-- Extracted information follows --
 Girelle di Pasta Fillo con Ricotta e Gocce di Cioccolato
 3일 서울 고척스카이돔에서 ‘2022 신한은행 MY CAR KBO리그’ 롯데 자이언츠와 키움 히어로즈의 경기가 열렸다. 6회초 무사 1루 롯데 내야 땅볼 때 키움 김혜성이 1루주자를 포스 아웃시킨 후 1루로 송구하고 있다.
-- Extracted information concluded --
-- Extracted information follows --
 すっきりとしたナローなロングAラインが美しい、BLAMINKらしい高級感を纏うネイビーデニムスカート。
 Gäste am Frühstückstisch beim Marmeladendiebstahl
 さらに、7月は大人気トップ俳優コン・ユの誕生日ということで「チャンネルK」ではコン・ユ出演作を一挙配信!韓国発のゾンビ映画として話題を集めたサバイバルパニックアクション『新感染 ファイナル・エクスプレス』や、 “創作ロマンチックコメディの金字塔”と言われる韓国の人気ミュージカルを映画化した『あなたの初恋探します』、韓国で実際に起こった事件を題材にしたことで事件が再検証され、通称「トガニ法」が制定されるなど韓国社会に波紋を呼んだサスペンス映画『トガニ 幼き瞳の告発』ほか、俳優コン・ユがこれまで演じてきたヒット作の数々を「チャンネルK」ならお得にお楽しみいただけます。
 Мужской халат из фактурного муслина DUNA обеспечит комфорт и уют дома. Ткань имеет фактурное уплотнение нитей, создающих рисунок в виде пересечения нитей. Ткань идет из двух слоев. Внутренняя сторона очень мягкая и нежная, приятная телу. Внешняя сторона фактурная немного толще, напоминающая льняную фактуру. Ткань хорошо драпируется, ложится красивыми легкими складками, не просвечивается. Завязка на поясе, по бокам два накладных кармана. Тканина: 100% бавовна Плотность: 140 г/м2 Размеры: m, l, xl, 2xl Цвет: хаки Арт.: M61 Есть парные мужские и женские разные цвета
-- Extracted information concluded --
#### [Task item]
Restate word for word the lines of the data above, starting at the line containing "すっきりとしたナローなロング" and ending at the line containing "Мужской халат из", both included, and nothing more.

#### [Solved problem]
 すっきりとしたナローなロングAラインが美しい、BLAMINKらしい高級感を纏うネイビーデニムスカート。
 Gäste am Frühstückstisch beim Marmeladendiebstahl
 さらに、7月は大人気トップ俳優コン・ユの誕生日ということで「チャンネルK」ではコン・ユ出演作を一挙配信!韓国発のゾンビ映画として話題を集めたサバイバルパニックアクション『新感染 ファイナル・エクスプレス』や、 “創作ロマンチックコメディの金字塔”と言われる韓国の人気ミュージカルを映画化した『あなたの初恋探します』、韓国で実際に起こった事件を題材にしたことで事件が再検証され、通称「トガニ法」が制定されるなど韓国社会に波紋を呼んだサスペンス映画『トガニ 幼き瞳の告発』ほか、俳優コン・ユがこれまで演じてきたヒット作の数々を「チャンネルK」ならお得にお楽しみいただけます。
 Мужской халат из фактурного муслина DUNA обеспечит комфорт и уют дома. Ткань имеет фактурное уплотнение нитей, создающих рисунок в виде пересечения нитей. Ткань идет из двух слоев. Внутренняя сторона очень мягкая и нежная, приятная телу. Внешняя сторона фактурная немного толще, напоминающая льняную фактуру. Ткань хорошо драпируется, ложится красивыми легкими складками, не просвечивается. Завязка на поясе, по бокам два накладных кармана. Тканина: 100% бавовна Плотность: 140 г/м2 Размеры: m, l, xl, 2xl Цвет: хаки Арт.: M61 Есть парные мужские и женские разные цвета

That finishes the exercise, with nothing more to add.